En Afghanistan, cela signifiait abandonner le déploiement à grande échelle des forces américaines et s'appuyer plutôt sur Frappes aériennes, frappes de drones et opérations spéciales »tuer ou capturer”Raids, lors du recrutement et de la formation Forces afghanes faire presque tous les combats au sol et la tenue de territoire.
 
Lors de l'intervention en Libye de 2011, la coalition monarchiste OTAN-arabe a intégré des centaines de qatariens forces d'opérations spéciales et Mercenaires occidentaux avec les rebelles libyens pour appeler à des frappes aériennes de l'OTAN et former des milices locales, notamment Groupes islamistes avec des liens avec Al-Qaïda. Les forces qu'ils ont libérées se disputent toujours le butin neuf ans plus tard. 
 
Alors que Joe Biden s'attribue désormais le mérite opposant l'intervention désastreuse en Libye, à l'époque il n'a pas tardé à saluer son succès trompeur à court terme et l'assassinat horrible du colonel Kadhafi. «L'OTAN a bien fait les choses», Biden dit dans un discours au Plymouth State College en octobre 2011, le jour même où le président Obama a annoncé la mort de Kadhafi. «Dans ce cas, l'Amérique a dépensé 2 milliards de dollars et n'a pas perdu une seule vie. C'est plus la prescription pour la façon de gérer le monde à mesure que nous progressons que par le passé. 
 
Si Biden s'est depuis lavé les mains de la débâcle en Libye, cette opération était en fait emblématique de la doctrine de la guerre secrète et par procuration soutenue par des frappes aériennes qu'il soutenait et qu'il n'a pas encore désavoué. Biden dit toujours qu'il soutient les opérations de «contre-terrorisme», mais il a été élu président sans jamais répondre publiquement à une question directe sur son soutien à l'utilisation massive de frappes aériennes et frappes de drones qui font partie intégrante de cette doctrine.
 
Dans la campagne contre l'État islamique en Irak et en Syrie, les forces dirigées par les États-Unis ont abandonné sur 118,000 bombes et missiles, réduisant les grandes villes comme Mossoul et Raqqa en décombres et tuant des dizaines de milliers des civils.

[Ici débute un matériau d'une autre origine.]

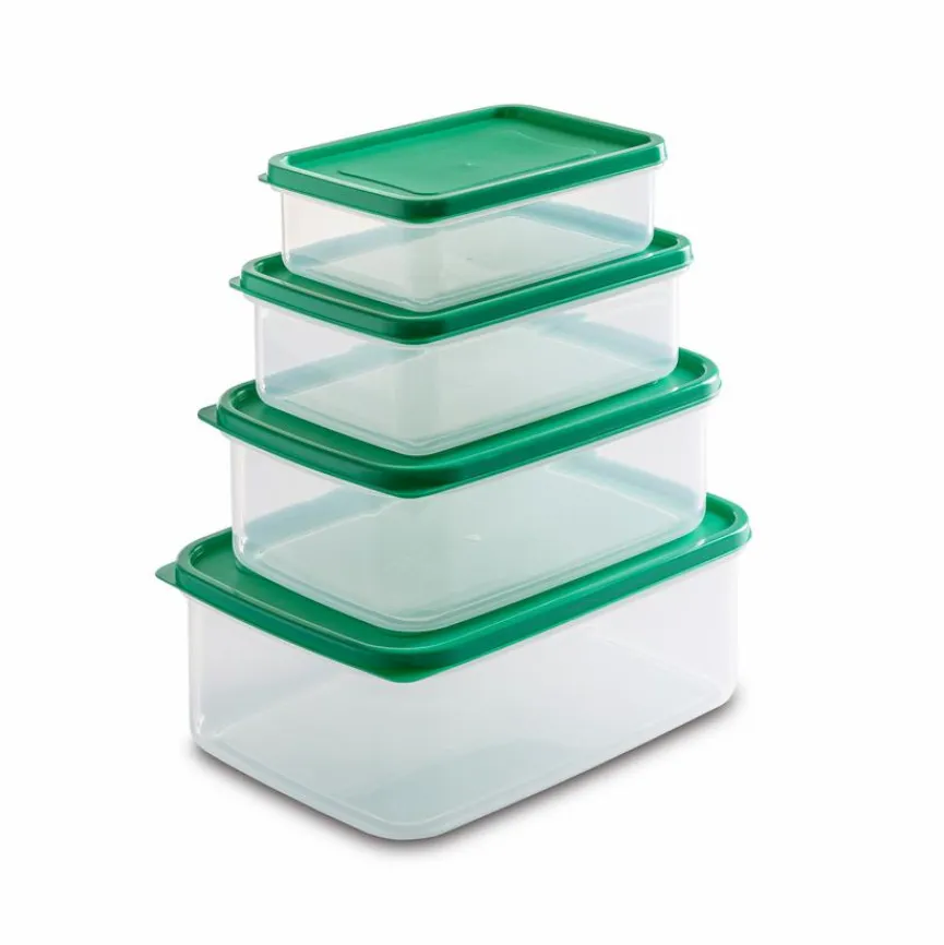 Dank des Sets Vorratsdose 4tlg. herrscht ab sofort Ordnung im Kühlschrank und nicht wiederverschließbare, angerissene Originalverpackungen gehören der Vergangenheit an. Ganz egal, ob es um Aufschnitt, Fleisch oder Gemüse geht, Sie können Lebensmittel organisiert und hygienisch verstauen. Auch für übriggebliebene Spezialitäten vom Festbüfett ist das Set Vorratsdose 4tlg. hervorragend geeignet.

Lorsque Biden a déclaré que l'Amérique «n'avait pas perdu une seule vie» en Libye, il voulait clairement dire «la vie américaine». Si «la vie» signifie simplement la vie, la guerre en Libye a évidemment coûté d'innombrables vies, et a tourné en dérision une résolution du Conseil de sécurité de l'ONU qui approuvait le recours à la force militaire uniquement pour protéger les civils.  
 
Comme Rob Hewson, rédacteur en chef de la revue Jane's Air-Launched Weapons, dit à l'AP alors que les États-Unis lançaient leur bombardement «Shock and Awe» sur l'Irak en 2003, «Dans une guerre menée au profit du peuple irakien, vous ne pouvez vous permettre de tuer aucun d'entre eux. Mais vous ne pouvez pas larguer des bombes et ne pas tuer des gens. Il y a une vraie dichotomie dans tout cela. Il en va évidemment de même pour les personnes en Libye, en Afghanistan, en Syrie, au Yémen, en Palestine et partout où les bombes américaines tombent depuis 20 ans.  
 
Alors qu'Obama et Trump ont tous deux tenté de passer de l'échec de la «guerre mondiale contre le terrorisme» à ce que l'administration Trump a qualifié de «compétition de grande puissance», Ou un retour à la guerre froide, la guerre contre le terrorisme a obstinément refusé de sortir au bon moment. Al-Qaïda et l'État islamique ont été chassés d'endroits que les États-Unis ont bombardés ou envahis, mais continuent de réapparaître dans de nouveaux pays et régions. L'État islamique occupe désormais une partie du nord Mozambique, et a également pris racine en Afghanistan. D'autres affiliés d'Al-Qaïda sont actifs à travers l'Afrique, depuis Somalie et Kenya en Afrique de l'Est à onze pays en Afrique de l'Ouest.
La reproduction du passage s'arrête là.